Databricks on GCP Architecture
Unity Catalog
# Unity Catalog for data governance
# Create catalog
spark.sql("CREATE CATALOG IF NOT EXISTS production")
# Create schema (database)
spark.sql("CREATE SCHEMA IF NOT EXISTS production.analytics")
# Create table with Delta Lake
spark.sql("""
CREATE TABLE IF NOT EXISTS production.analytics.sales (
order_id STRING,
customer_id STRING,
amount DOUBLE,
order_date DATE
)
USING DELTA
LOCATION 'gs://my-delta-lake/sales/'
""")
# Grant permissions
spark.sql("GRANT SELECT ON CATALOG production TO `data-analysts@company.com`")

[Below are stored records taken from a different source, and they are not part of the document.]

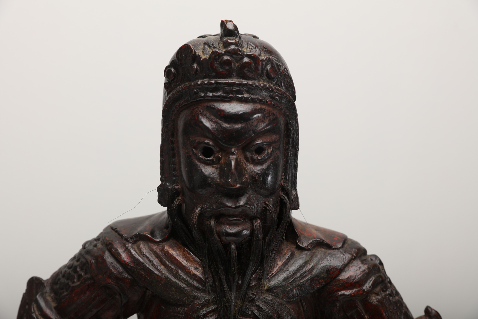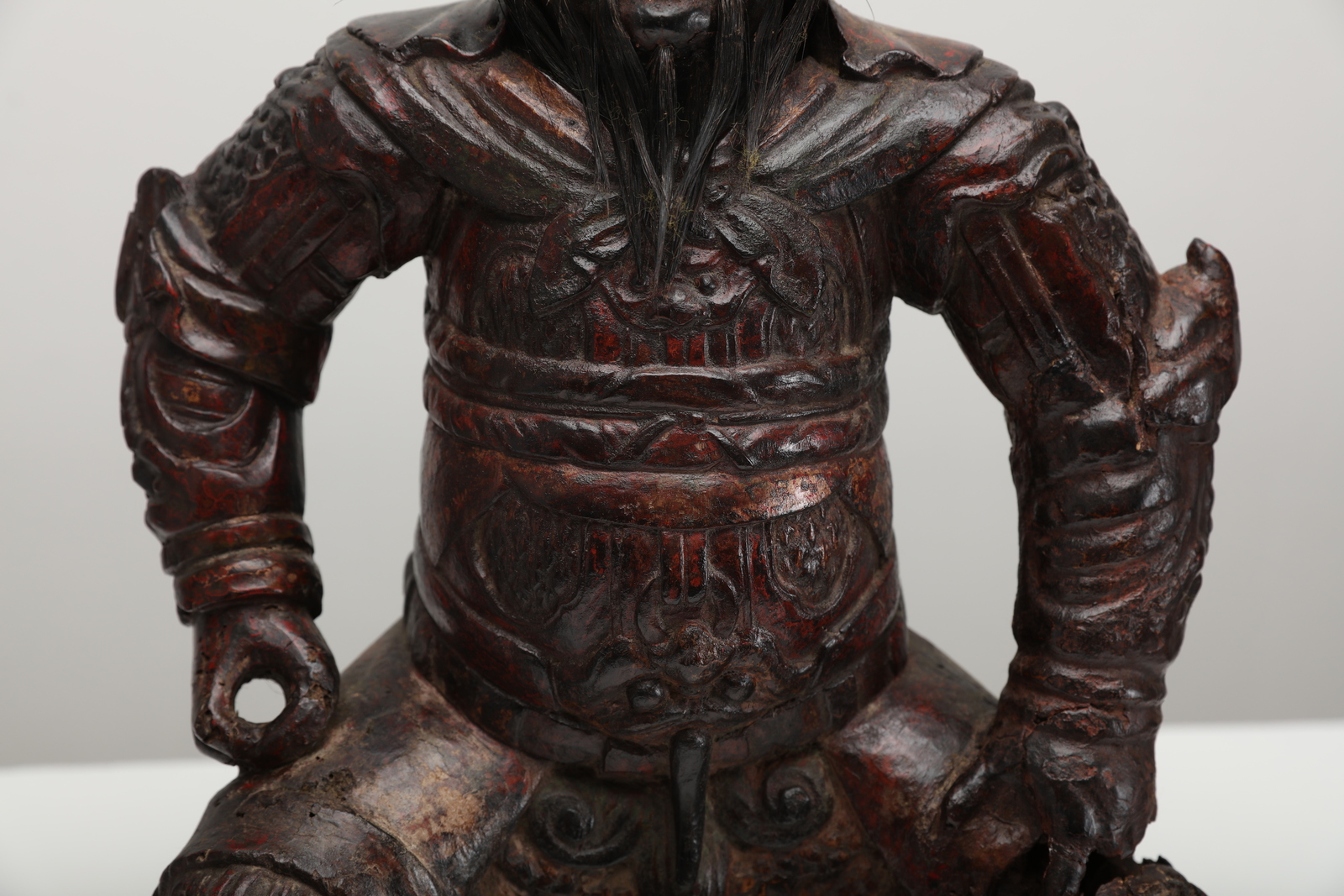 Arte Cinese Scultura in legno policromo raffigurante Guandì o un guerriero
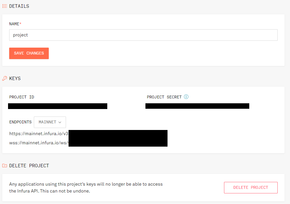 infura κ³μ μ μμ±ν ν, μ νλ‘μ νΈλ₯Ό λ§λ€λ©΄ Project ID λ₯Ό νμΈν μ μμ΅λλ€.
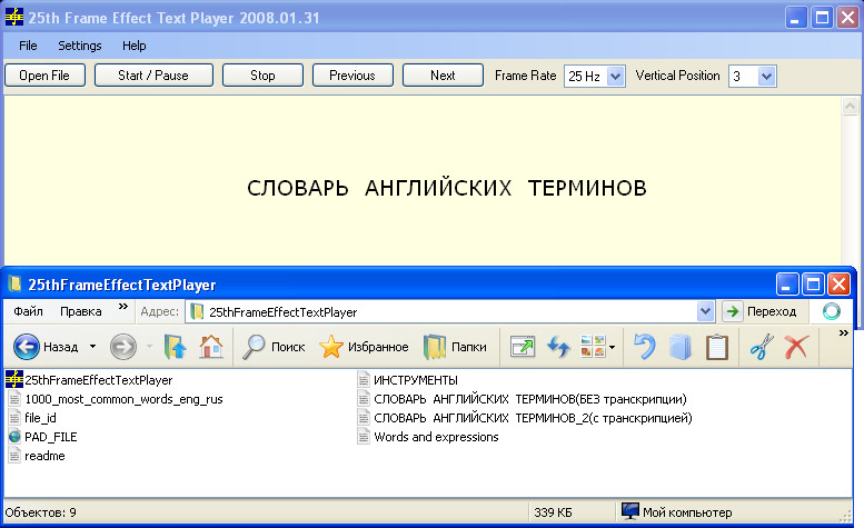 This program help you remember great volume of text information using 25th frame effect. Use possibilities of your subconsciousness. First of all open Unicode text file (for example open "1000_most_common_words_eng_rus.txt", it is simple english-russian dictionary of 1000 most common words). Then push Start/Pause button. Other functions you can try and see using all other controls. Text files for this program can be created and edited with any text editor program (for example Notepad). This files must be saved as Unicode text files. Microsoft NET Framework 2.0 must be installed.
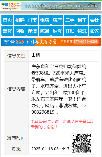 房东直租宁晋县妇幼保健院老308线。720平米大库房。带航车。前后有硬化路面院子。水电齐全。进出大小车方便。另出租二楼130多平米左右三室两厅一卫!适合办公,网店,非诚勿扰。13903296819 【电话咨询时,请一定说明在宁晋123看到的,谢谢!】 |
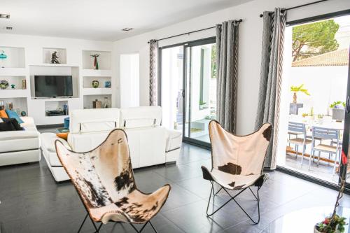 The spacious villa features 3 bedrooms, 2 bathrooms, bed linen, towels, a TV, a dining area, a fully equipped kitchen, and a terrace with city views.

spark.sql("GRANT MODIFY ON SCHEMA production.analytics TO `data-engineers@company.com`")
Cluster Configuration
# Cluster configuration via API
cluster_config = {
"spark_version": "13.3.x-scala2.12",
"node_type_id": "n2-standard-8",
"num_workers": 4,
"autoscale": {
"min_workers": 2,
"max_workers": 10
},
"spark_conf": {
"spark.sql.adaptive.enabled": "true",
"spark.sql.adaptive.coalescePartitions.enabled": "true",
"spark.databricks.delta.optimizeWrite.enabled": "true",
"spark.databricks.delta.autoCompact.enabled": "true"
},
"init_scripts": [
{
"dbfs": {
"destination": "dbfs:/init-scripts/install-packages.sh"
}
}
],
"cloud_attributes": {
"availability": "ON_DEMAND_GCP",
"zone_id": "us-central1-a"
}
}
β¨
Best Practice: Use Unity Catalog for centralized governance. Enable Delta Lake auto-optimization (optimizeWrite, autoCompact). Use pre-emptible workers for batch jobs. Implement cluster policies for cost control. Use secrets for credential management.
Common Interview Questions
Q1: What is Unity Catalog?
Answer: Unity Catalog is Databricks' unified governance solution for data and AI. It provides centralized access control, auditing, lineage, and data discovery across Databricks workspaces. It supports Delta Lake, external tables, and files.
Q2: How does Databricks on GCP differ from Dataproc?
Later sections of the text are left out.